Every line of the data that contains the string "have" must be copied.
--- --- ---
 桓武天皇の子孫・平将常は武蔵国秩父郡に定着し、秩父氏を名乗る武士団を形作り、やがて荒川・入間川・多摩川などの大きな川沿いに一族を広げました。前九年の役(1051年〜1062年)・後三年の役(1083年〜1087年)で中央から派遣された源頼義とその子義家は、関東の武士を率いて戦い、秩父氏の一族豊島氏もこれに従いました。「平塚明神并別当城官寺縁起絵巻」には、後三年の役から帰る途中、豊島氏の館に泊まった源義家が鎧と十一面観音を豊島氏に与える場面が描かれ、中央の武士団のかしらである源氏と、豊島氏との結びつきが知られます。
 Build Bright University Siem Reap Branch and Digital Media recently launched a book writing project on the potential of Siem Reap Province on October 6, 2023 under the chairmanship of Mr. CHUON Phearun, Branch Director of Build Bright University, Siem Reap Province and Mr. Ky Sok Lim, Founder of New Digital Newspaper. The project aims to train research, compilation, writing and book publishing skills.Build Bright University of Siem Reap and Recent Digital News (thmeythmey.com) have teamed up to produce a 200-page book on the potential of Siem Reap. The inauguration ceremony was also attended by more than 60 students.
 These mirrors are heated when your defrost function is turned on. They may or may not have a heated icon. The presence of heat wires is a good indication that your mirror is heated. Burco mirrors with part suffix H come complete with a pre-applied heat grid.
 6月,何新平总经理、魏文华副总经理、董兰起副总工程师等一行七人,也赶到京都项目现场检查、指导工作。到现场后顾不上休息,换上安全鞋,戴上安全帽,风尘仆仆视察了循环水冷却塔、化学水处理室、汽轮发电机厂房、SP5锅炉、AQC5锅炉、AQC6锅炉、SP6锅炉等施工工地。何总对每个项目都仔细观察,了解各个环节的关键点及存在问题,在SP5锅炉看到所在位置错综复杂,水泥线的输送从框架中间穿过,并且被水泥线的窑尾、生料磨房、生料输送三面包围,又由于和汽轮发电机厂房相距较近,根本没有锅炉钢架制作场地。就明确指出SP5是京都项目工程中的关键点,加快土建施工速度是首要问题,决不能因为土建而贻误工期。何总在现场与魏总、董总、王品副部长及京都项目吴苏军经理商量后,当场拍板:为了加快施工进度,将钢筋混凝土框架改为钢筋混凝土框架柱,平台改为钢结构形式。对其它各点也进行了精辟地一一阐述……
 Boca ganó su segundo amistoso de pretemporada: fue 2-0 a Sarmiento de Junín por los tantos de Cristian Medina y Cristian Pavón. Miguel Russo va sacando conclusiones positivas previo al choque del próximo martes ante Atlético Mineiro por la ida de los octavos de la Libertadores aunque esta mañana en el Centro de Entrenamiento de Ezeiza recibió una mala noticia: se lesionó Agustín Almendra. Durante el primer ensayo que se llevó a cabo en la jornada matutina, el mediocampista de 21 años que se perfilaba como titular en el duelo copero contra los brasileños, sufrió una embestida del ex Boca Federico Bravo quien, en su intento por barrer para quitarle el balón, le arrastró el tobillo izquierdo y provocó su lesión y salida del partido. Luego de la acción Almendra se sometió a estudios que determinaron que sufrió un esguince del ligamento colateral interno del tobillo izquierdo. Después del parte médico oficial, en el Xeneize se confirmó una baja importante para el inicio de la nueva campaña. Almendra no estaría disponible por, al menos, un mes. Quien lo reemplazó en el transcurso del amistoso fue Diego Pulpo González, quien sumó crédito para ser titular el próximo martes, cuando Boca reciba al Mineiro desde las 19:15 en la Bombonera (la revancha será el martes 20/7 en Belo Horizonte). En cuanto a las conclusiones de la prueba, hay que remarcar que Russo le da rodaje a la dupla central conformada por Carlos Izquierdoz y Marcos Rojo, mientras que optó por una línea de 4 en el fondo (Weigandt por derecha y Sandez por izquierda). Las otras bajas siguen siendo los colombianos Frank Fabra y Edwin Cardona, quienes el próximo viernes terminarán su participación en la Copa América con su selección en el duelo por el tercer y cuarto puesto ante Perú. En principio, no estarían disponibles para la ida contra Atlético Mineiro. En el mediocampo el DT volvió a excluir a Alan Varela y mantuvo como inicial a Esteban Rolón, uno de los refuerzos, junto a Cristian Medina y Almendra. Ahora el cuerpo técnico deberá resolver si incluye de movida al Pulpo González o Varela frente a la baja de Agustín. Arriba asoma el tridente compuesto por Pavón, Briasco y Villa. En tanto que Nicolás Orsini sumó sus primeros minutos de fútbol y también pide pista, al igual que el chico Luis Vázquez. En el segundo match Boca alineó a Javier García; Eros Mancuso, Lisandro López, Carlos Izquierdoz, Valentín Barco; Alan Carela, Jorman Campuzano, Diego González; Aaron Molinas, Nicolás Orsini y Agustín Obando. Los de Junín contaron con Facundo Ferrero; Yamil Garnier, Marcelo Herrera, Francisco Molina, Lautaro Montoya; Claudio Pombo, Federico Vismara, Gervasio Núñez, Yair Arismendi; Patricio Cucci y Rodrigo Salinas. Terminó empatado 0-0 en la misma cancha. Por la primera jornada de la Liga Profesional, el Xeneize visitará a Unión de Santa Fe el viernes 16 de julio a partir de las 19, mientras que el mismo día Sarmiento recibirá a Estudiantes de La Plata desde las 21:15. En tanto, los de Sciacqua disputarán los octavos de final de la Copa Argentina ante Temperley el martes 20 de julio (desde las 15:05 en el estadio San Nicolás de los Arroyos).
--- --- ---
Response to this task:
 Build Bright University Siem Reap Branch and Digital Media recently launched a book writing project on the potential of Siem Reap Province on October 6, 2023 under the chairmanship of Mr. CHUON Phearun, Branch Director of Build Bright University, Siem Reap Province and Mr. Ky Sok Lim, Founder of New Digital Newspaper. The project aims to train research, compilation, writing and book publishing skills.Build Bright University of Siem Reap and Recent Digital News (thmeythmey.com) have teamed up to produce a 200-page book on the potential of Siem Reap. The inauguration ceremony was also attended by more than 60 students.
 These mirrors are heated when your defrost function is turned on. They may or may not have a heated icon. The presence of heat wires is a good indication that your mirror is heated. Burco mirrors with part suffix H come complete with a pre-applied heat grid.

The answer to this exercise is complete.